- **What to work on**: Starting at the first line and ending at the last, reproduce the records below exactly.

- **Saved entries**:
■ ■ ■ ■ ■ ■ ■
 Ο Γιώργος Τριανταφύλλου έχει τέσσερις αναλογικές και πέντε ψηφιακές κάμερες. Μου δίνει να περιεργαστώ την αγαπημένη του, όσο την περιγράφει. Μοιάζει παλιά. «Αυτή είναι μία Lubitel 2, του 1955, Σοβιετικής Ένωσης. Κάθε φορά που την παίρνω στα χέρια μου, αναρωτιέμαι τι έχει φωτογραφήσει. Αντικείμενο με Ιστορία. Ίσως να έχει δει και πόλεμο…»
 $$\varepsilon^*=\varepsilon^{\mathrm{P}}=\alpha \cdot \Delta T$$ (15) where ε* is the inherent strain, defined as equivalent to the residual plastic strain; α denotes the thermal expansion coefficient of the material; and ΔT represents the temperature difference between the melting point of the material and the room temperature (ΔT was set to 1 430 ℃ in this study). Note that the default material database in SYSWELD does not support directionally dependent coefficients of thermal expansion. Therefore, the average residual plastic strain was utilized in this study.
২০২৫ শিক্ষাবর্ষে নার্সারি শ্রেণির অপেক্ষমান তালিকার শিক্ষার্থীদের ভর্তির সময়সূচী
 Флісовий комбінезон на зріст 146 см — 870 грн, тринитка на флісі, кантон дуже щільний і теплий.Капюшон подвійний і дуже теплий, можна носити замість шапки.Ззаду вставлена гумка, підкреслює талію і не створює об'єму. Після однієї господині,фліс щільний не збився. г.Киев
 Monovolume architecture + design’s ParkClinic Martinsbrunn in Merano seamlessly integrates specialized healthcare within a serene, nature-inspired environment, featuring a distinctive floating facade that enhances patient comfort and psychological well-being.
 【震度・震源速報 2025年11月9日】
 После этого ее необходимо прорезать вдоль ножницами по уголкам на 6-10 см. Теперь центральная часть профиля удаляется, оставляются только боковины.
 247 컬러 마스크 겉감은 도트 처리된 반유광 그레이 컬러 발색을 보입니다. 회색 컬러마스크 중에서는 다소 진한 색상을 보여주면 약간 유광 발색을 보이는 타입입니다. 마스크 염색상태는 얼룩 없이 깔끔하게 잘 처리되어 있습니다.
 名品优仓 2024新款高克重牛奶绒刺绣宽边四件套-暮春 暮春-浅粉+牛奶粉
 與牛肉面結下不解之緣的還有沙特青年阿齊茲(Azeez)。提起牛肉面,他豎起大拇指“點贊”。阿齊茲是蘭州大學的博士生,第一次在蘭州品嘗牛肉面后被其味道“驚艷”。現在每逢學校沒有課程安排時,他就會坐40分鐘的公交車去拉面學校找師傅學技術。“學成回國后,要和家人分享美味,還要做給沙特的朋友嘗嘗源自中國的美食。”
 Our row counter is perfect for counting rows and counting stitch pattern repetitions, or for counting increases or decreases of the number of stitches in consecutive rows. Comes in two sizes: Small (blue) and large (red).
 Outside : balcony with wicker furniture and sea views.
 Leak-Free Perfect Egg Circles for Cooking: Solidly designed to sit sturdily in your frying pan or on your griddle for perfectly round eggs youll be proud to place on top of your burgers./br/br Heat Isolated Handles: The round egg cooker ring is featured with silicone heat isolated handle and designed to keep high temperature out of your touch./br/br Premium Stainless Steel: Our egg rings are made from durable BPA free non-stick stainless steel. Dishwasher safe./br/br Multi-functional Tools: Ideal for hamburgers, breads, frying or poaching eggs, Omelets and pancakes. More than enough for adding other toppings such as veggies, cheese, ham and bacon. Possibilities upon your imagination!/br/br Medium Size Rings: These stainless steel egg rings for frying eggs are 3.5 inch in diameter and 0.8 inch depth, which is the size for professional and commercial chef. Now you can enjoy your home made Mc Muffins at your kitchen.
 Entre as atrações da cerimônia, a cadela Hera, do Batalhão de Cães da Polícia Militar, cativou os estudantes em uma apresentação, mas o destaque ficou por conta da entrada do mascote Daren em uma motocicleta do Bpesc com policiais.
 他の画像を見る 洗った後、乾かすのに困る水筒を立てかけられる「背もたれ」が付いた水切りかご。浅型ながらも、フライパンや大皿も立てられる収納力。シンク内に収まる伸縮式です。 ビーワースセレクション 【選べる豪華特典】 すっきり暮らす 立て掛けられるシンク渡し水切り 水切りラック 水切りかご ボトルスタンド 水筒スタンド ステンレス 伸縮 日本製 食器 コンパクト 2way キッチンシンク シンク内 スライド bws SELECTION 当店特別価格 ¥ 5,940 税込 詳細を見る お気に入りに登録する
■ ■ ■ ■ ■ ■ ■
- **Output of the task**:
 Ο Γιώργος Τριανταφύλλου έχει τέσσερις αναλογικές και πέντε ψηφιακές κάμερες. Μου δίνει να περιεργαστώ την αγαπημένη του, όσο την περιγράφει. Μοιάζει παλιά. «Αυτή είναι μία Lubitel 2, του 1955, Σοβιετικής Ένωσης. Κάθε φορά που την παίρνω στα χέρια μου, αναρωτιέμαι τι έχει φωτογραφήσει. Αντικείμενο με Ιστορία. Ίσως να έχει δει και πόλεμο…»
 $$\varepsilon^*=\varepsilon^{\mathrm{P}}=\alpha \cdot \Delta T$$ (15) where ε* is the inherent strain, defined as equivalent to the residual plastic strain; α denotes the thermal expansion coefficient of the material; and ΔT represents the temperature difference between the melting point of the material and the room temperature (ΔT was set to 1 430 ℃ in this study). Note that the default material database in SYSWELD does not support directionally dependent coefficients of thermal expansion. Therefore, the average residual plastic strain was utilized in this study.
২০২৫ শিক্ষাবর্ষে নার্সারি শ্রেণির অপেক্ষমান তালিকার শিক্ষার্থীদের ভর্তির সময়সূচী
 Флісовий комбінезон на зріст 146 см — 870 грн, тринитка на флісі, кантон дуже щільний і теплий.Капюшон подвійний і дуже теплий, можна носити замість шапки.Ззаду вставлена гумка, підкреслює талію і не створює об'єму. Після однієї господині,фліс щільний не збився. г.Киев
 Monovolume architecture + design’s ParkClinic Martinsbrunn in Merano seamlessly integrates specialized healthcare within a serene, nature-inspired environment, featuring a distinctive floating facade that enhances patient comfort and psychological well-being.
 【震度・震源速報 2025年11月9日】
 После этого ее необходимо прорезать вдоль ножницами по уголкам на 6-10 см. Теперь центральная часть профиля удаляется, оставляются только боковины.
 247 컬러 마스크 겉감은 도트 처리된 반유광 그레이 컬러 발색을 보입니다. 회색 컬러마스크 중에서는 다소 진한 색상을 보여주면 약간 유광 발색을 보이는 타입입니다. 마스크 염색상태는 얼룩 없이 깔끔하게 잘 처리되어 있습니다.
 名品优仓 2024新款高克重牛奶绒刺绣宽边四件套-暮春 暮春-浅粉+牛奶粉
 與牛肉面結下不解之緣的還有沙特青年阿齊茲(Azeez)。提起牛肉面,他豎起大拇指“點贊”。阿齊茲是蘭州大學的博士生,第一次在蘭州品嘗牛肉面后被其味道“驚艷”。現在每逢學校沒有課程安排時,他就會坐40分鐘的公交車去拉面學校找師傅學技術。“學成回國后,要和家人分享美味,還要做給沙特的朋友嘗嘗源自中國的美食。”
 Our row counter is perfect for counting rows and counting stitch pattern repetitions, or for counting increases or decreases of the number of stitches in consecutive rows. Comes in two sizes: Small (blue) and large (red).
 Outside : balcony with wicker furniture and sea views.
 Leak-Free Perfect Egg Circles for Cooking: Solidly designed to sit sturdily in your frying pan or on your griddle for perfectly round eggs youll be proud to place on top of your burgers./br/br Heat Isolated Handles: The round egg cooker ring is featured with silicone heat isolated handle and designed to keep high temperature out of your touch./br/br Premium Stainless Steel: Our egg rings are made from durable BPA free non-stick stainless steel. Dishwasher safe./br/br Multi-functional Tools: Ideal for hamburgers, breads, frying or poaching eggs, Omelets and pancakes. More than enough for adding other toppings such as veggies, cheese, ham and bacon. Possibilities upon your imagination!/br/br Medium Size Rings: These stainless steel egg rings for frying eggs are 3.5 inch in diameter and 0.8 inch depth, which is the size for professional and commercial chef. Now you can enjoy your home made Mc Muffins at your kitchen.
 Entre as atrações da cerimônia, a cadela Hera, do Batalhão de Cães da Polícia Militar, cativou os estudantes em uma apresentação, mas o destaque ficou por conta da entrada do mascote Daren em uma motocicleta do Bpesc com policiais.
 他の画像を見る 洗った後、乾かすのに困る水筒を立てかけられる「背もたれ」が付いた水切りかご。浅型ながらも、フライパンや大皿も立てられる収納力。シンク内に収まる伸縮式です。 ビーワースセレクション 【選べる豪華特典】 すっきり暮らす 立て掛けられるシンク渡し水切り 水切りラック 水切りかご ボトルスタンド 水筒スタンド ステンレス 伸縮 日本製 食器 コンパクト 2way キッチンシンク シンク内 スライド bws SELECTION 当店特別価格 ¥ 5,940 税込 詳細を見る お気に入りに登録する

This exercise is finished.